The Site Reliability Engineering (SRE) team is a knowledge centre for best practices around reliability, operational maturity and highly performant services. We are a central, cross-function team that provides consultancy and experienced advice throughout the company (not just within Engineering).
We are looking for Site Reliability Engineers, operationally-minded software developers, or infrastructure specialists who understand that "operational excellence" is more than just the ability to hack on Jenkinsfiles. Do you want to get involved in solving hard operational problems and making difficult trade-offs at an organisational level, while building the real tools and abstractions that help others do the same? Come join a team who are as driven by improving themselves and others as you are.

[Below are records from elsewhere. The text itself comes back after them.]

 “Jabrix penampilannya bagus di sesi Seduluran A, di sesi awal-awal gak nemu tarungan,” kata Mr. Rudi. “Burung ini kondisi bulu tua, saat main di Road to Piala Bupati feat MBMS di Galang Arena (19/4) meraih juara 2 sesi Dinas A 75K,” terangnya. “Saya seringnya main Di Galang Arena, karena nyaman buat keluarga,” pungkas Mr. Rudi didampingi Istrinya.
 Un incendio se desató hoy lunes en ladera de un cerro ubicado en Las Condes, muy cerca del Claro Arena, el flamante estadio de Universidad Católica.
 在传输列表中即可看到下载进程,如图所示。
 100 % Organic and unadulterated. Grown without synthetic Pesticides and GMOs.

As a member of the SRE team, you will be responsible for:
- Acting as a guide for technical operations and development teams, using data-driven decisions to inform priorities
- Consulting with teams to improve all aspects of software reliability, release management and testing
- Designing and delivering internal educational content
- Driving internal processes for incident management and blameless post-mortem culture adoption, as well as operational maturity
- Building and maintaining an observability stack such that all teams can easily monitor their services
- Engaging with our software engineering teams on support issues and improvements to our tooling, processes, and infrastructure
- Transforming culture through high-impact innovation and education
Who are we looking for?
The ideal candidate will have:
- In-depth knowledge and experience in at least one of: host-based networking, systems administration, systems programming, distributed systems, databases, cloud computing, or Kubernetes (and a desire to learn more)

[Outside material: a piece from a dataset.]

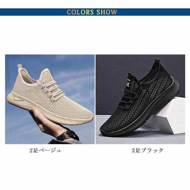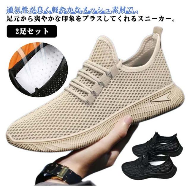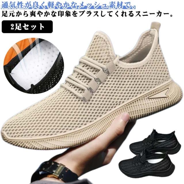 メンズ 2足セット ランニング メッシュ スリッポン 2足セット ランニングシューズ スニーカー 軽量 夏 サマーシューズ シューズ 大きサイズ 滑り止め カジュアルサンダル 通気性 スポーツシューズ
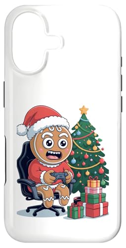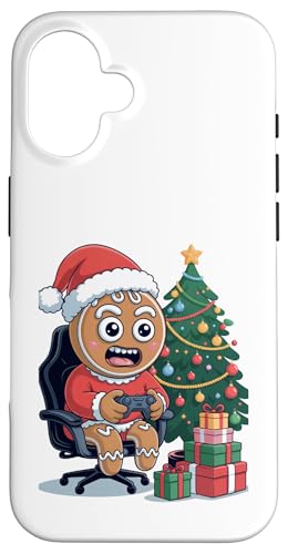 Gingerbread Gaming Chair Christmas Tree Cool Gamer Coque pour iPhone 16

- The ability to educate members of the organisation on SRE best practices
- The ability to leverage off-the–shelf/open source systems and utilities to provision production systems rapidly in a variety of domains, especially for multi-tenant use
- A proven track record of automation and an algorithmic approach to solving problems
- A proactive approach to spotting problems, areas for improvement, performance bottlenecks, etc.

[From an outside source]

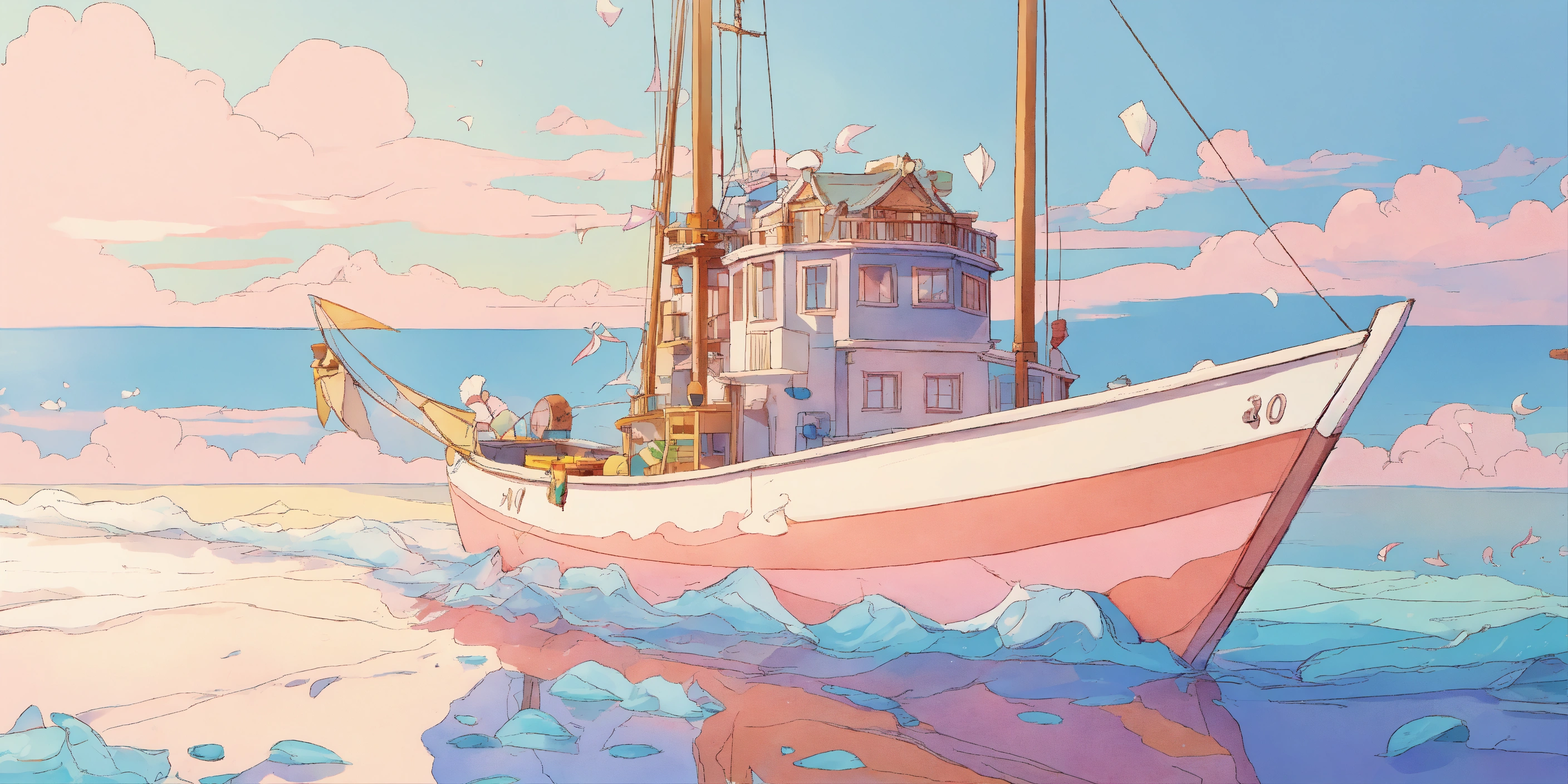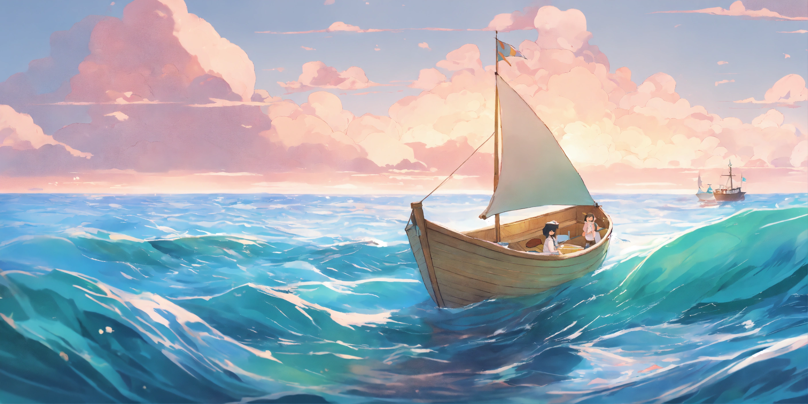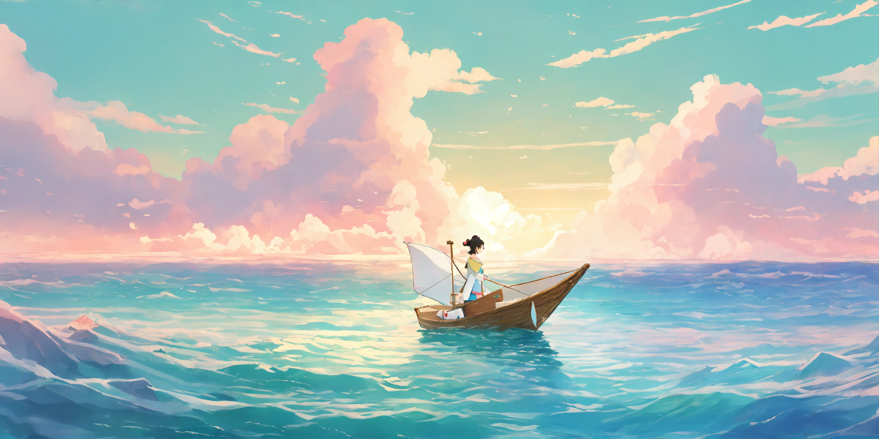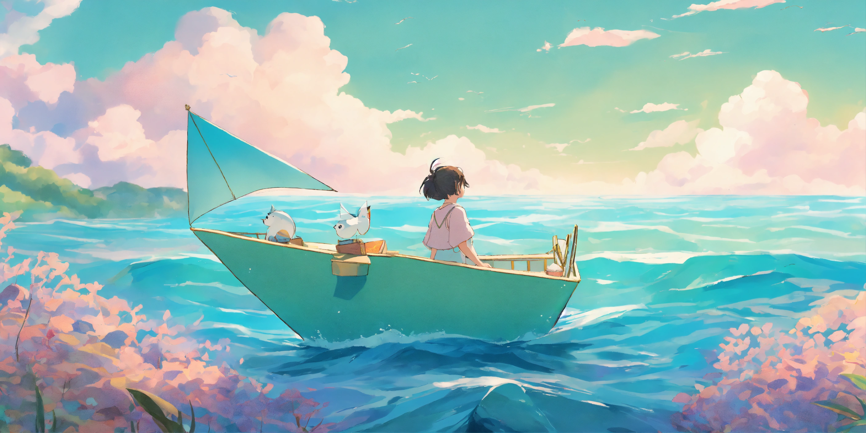 A sea with a paper boat, a pastel aesthetic, studio ghibli, white background, character design, fantasy, 8 k resolution

- The ability to understand the inherent trade-offs between various software architectures as it relates to performance, resiliency/fault tolerance, load balancing, data consistency
- Ability to profile and debug applications in real-time
The following additional skills are not required, but would be beneficial:
- Experience with authentication and encryption technologies like SSL, Kerberos, Oauth
- Distributed systems knowledge such as Kubernetes, Docker Swarm, Borg, Tupperware
- Networking experience, analysing packet dumps, packet filtering, load balancers
- OS/kernel experience, such as familiarity with OS tunables, log analysis
- Experience with automated configuration management tools like Ansible, Terraform, CloudFormation
- Experience with distributed storage technologies like NFS, HDFS, Ceph, S3
- Experience with a full observability stack with technologies that include Prometheus, Jaeger, Grafana, Elastic
Why should you apply?
- Highly competitive compensation plus annual discretionary bonus
- Informal dress code and excellent work/life balance
- Comprehensive healthcare and life assurance
- 25 days holiday
- 9% company pension contributions
- Cycle-to-work scheme
- Subsidised gym membership
- Monthly company events
- Central London office close to 5 stations and 6 tube lines